The occurrences of AI innovations have become a regular dose for techies; a new invention or discovery every day. Even across the healthcare sector, the technology caters to a huge plethora of innovative nuances for the betterment of humankind. Recently, a British startup Exscientia claimed that it has developed the first medication created using artificial intelligence that will be clinically tested on humans. The medication, which is meant to treat obsessive-compulsive disorder, took less than a year from conception to a trial-ready capsule. Human trials are set to begin in March, notes Vox.
According to the company, this project required less than 12 months to complete “the exploratory research phase,” and this represents “a fraction of the typical average of 4.5 years using conventional research techniques.” The company claims that it is “at the forefront of Artificial Intelligence-driven drug discovery and design.” They feel that they have reached “a critical milestone” in the development of AI and medicine.

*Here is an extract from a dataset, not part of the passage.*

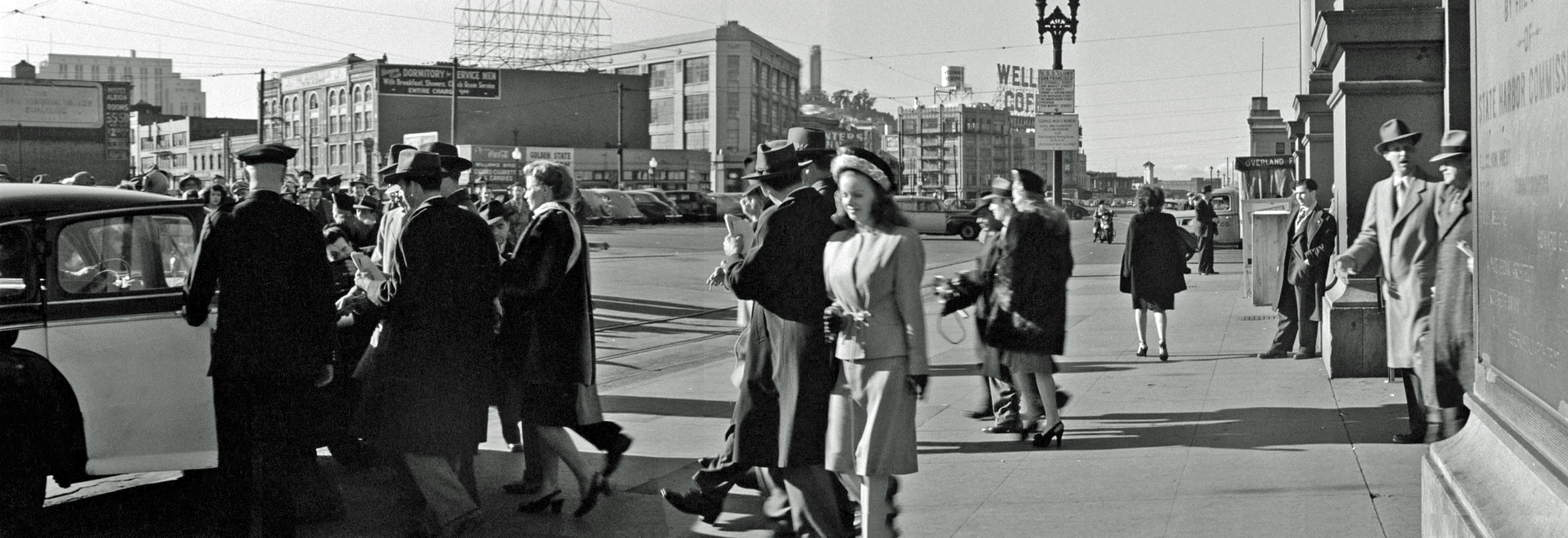 Then … Outside the Ferry Building on the Embarcadero the reporters continue to hound him until he is bundled into a waiting police car. Recognizable structures from left to right are: the Appraisers Building (even more visible in the opening panorama at the top of the post), the Ferry Station Post Office on Merchant Street, Coit Tower and the Wellman’s Coffee building.

As reported by BBC’s Jane Wakefield, there are two groups behind this advancement, (1) British start-up Exscientia and (2) Japanese pharmaceutical firm Sumitomo Dainippon Pharma. (Psychiatry and neurology are among the latter company’s key focus areas for research). She said that the drug will be used to treat patients who have obsessive-compulsive disorder (OCD). Moreover, the appeal of AI-designed drugs is relatively straightforward. There are lots and lots of possible molecules that might be useful in medications, far too many for all the medical researchers in the world to manually test.

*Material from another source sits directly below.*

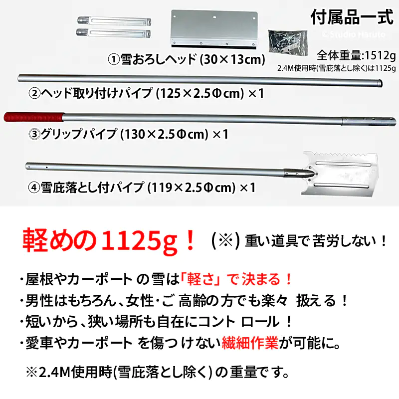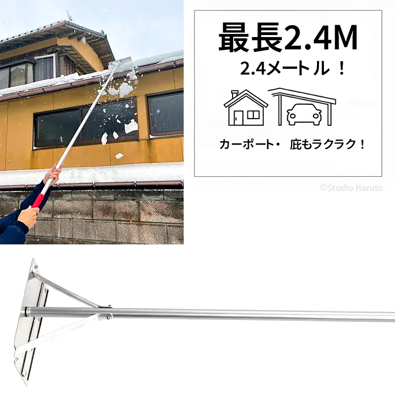 発送目安 : 2~5日で発送予定(土日祝除く)![]() ![]() いらっしゃいませ! ECサイトiHealingへ 本日はご来店いただき、誠にありがとうございます。 冬の雪対策、本当に大変ですよね…。 当店は2010年から雪下ろし用品を取り扱い、今年で販売実績15年を迎えます。 長年にわたり、お客様の「安全でラクな雪対策」を応援してまいりました。 こちらのページは、カーポートや1階の屋根など、「高さの低い場所」の雪下ろしに特化した「2.4Mタイプ」のご紹介です。6Mタイプと並んで、こちらも本当に使いやすいんですよ。 解説「雪下ろし2.4M 雪庇落とし付 KC-6713」の利点 雪下ろしと聞くと、つい高所の屋根ばかりを想像しがちですが、実は「高さの低い場所」の除雪にも特有の難しさと危険が潜んでいます。カーポートの屋根、1階の庇(ひさし)、あるいはビニールハウス。これらは積雪の重みに耐えられず、突然倒壊するリスクを常に抱えています。 私たちiHealingは、販売実績15年(2010年より)の経験から、こうした「低い場所」専用のツールが不可欠であると確信しています。 ■ 低い屋根専用 なぜ「2.4M」と「軽さ」が重要なのか? カーポートや1階の庇(ひさし)での除雪作業は、単に雪を下ろすだけではありません。2階の屋根とは全く異なる難しさがあります。それは「障害物との近さ」です。 ご自宅の壁、柱、家屋、そして何より大切な愛車。こうした障害物に囲まれた狭いスペースで、安全に雪だけを下ろすには、長さよりも「精密なコントロール」が求められます。 この「雪下ろし2.4Mセット」の最大の特長は、約1125g(雪庇落とし除く)という圧倒的な軽量性にあります。あえて中間パイプを排し、取り回しの良さを追求しました。この軽さが、振り回しやすさ=作業のしやすさに直結します。重い道具では、腕がすぐに疲労し、かえってカーポートや家屋を傷つける原因にもなりかねません。 ■ 「振り回しが楽」=「繊細なコントロール」が可能 「振り回しが楽」とは、単に「腕が疲れにくい」という意味だけではありません。 それは、雪を「押す」だけでなく、手前に「引く」、左右に「掃う(はらう)」、ヘッドの角度を「細かく調整する」といった、対象物との距離が近い作業で求められる「繊細なコントロール」を可能にすることを意味します。 重く長い道具では、疲労で操作が雑になり、かえって壁や車を傷つける原因になりかねません。この2.4Mモデルなら、雪が重くなる前にスピーディーかつ正確に作業を完了でき、結果としてカーポートなど構造物への負担も最小限に抑えられます。 ![]() ■ 低い場所にも潜む「雪庇」の危険 低い屋根であっても、せり出した雪庇(せっぴ)は形成されます。カーポートから張り出した雪庇が、車の乗り降りの際に突然落下すれば、事故につながります。本製品はコンパクトながらも専用の「雪庇落とし」を標準装備。危険な雪庇を安全に処理する機能を備えており、まさに「低い場所のオールインワン・ソリューション」と呼ぶにふさわしいセットです。 手軽に、素早く、そして安全に。ご自宅の大切なカーポートや庇を守るため設計された、この軽量雪下ろしセットは、冬の常備品として最適な選択です。 ![]() ![]() ■雪下ろし作業のワンポイント・アドバイス 安全に作業するために、当店からいくつかのアドバイスです。 1. 作業は2人以上で:万が一の事故に備え、必ず2人以上で行い、周囲の安全確認や声がけを徹底してください。 2. 落雪場所に注意:作業を始める前に、雪を落とす場所に人や障害物がないか必ず確認しましょう。特に、カーポート下の車や通路には十分注意してください。 3. 無理な体勢は禁物:軽量で扱いやすいですが、無理に手を伸ばしたり、不安定な足場で作業したりするのは絶対に避けてください。 4. こまめな除雪を:雪は積もれば積もるほど重く、硬くなります。重労働になる前、雪が軽いうちにこまめに下ろすのが、体力的にも道具的にも負担を減らす最大のコツです。 5. 電線に注意:道具が触れる高さに電線や電話線がないか、作業前に必ず確認してください。 ■雪下ろし 6Mと2.4M 2つの商品の違いについて 「6Mと2.4M、どちらを選べばいいの?」というお客様のために、2つの違いを詳しくご説明しますね。 この2つの商品の違いは、ズバリ「作業したい場所の高さ」と「作業の本格度」にあります。 【雪下ろし 2.4Mタイプ (KC-6713)】 (このページの商品) ・中間パイプを無くし、「軽さ(約1125g※)」と「取り回しの良さ」に特化しています。(※雪庇落とし除く) ・主なターゲットは、カーポートや1階の屋根、庇(ひさし)、ビニールハウスなど、「高さの低い場所」です。 ・これらの場所は6Mも必要ない反面、柱や壁、車などに道具を当てないよう、小回りが利く方が断然作業しやすいです。 ・「カーポートや1階の庇の雪を手軽に下ろしたい」という方には、こちらの「軽量・特化モデル」が最適です。 【雪下ろし 6Mタイプ (KC-6706)】 (別売) ・なんといっても「最長6メートル」

Additionally, Exscientia’s AI platform used a suite of algorithms to determine what the best chemical structure was for the new compound, which is known as DSP-1181. Its goal is to target a specific receptor in the brain involved in OCD. Together, the algorithms were able to generate tens of millions of potential molecules, analyze the candidates and decide which one was appropriate to test.
AI is undeniably powerful, however, some are skeptical that the technology is reliable or trustworthy, and question what role it should play in areas like our health care. And in drug research, some have voiced concerns that the technology might be overhyped, and that AI’s findings may not be as groundbreaking as people would like to believe.
Exscientia’s CEO, Andrew Hopkins, has argued that AI means synthesizing fewer compounds for testing and running fewer experiments in the search for a new medication. “Active Learning [a subcategory of a type of artificial intelligence called machine learning] algorithms automatically prioritize the most informative compounds for experimental synthesis and testing and enable the system to learn faster than humans alone,” he said.
Reportedly, Japanese pharmaceutical company Sumitomo Dainippon Pharma, which owns the rights to the drug, will oversee its clinical development. The first phase of human trials, which will test the medication’s safety and the body’s response to it, will also take place in Japan.
As noted by Recode reporter Rebecca Heilweil, “As remarkable as the new drug’s development seems, there’s still room for some healthy skepticism. Artificial intelligence can help us find new molecules, but there’s a chance that the molecules found by AI will ultimately resemble molecules we’ve already studied. That’s the caution of chemist Derek Lowe, a researcher at Novartis who works on drug discovery. On his pharmaceutical industry blog, Lowe explains how simply finding a potential compound doesn’t guarantee that scientists actually understand the biochemical nature of the illness they’re trying to treat — or that the drug will even work.”
Like all applications of AI, health authorities are trying to figure out how best to study and regulate these tools. While the Food and Drug Administration wouldn’t comment on this particular new drug, FDA spokesperson Jeremy Kahn told Recode that the agency is committed to maintaining public health standards — while also protecting innovation — and that its drug evaluation and research center is assessing the regulatory considerations that AI tools might raise.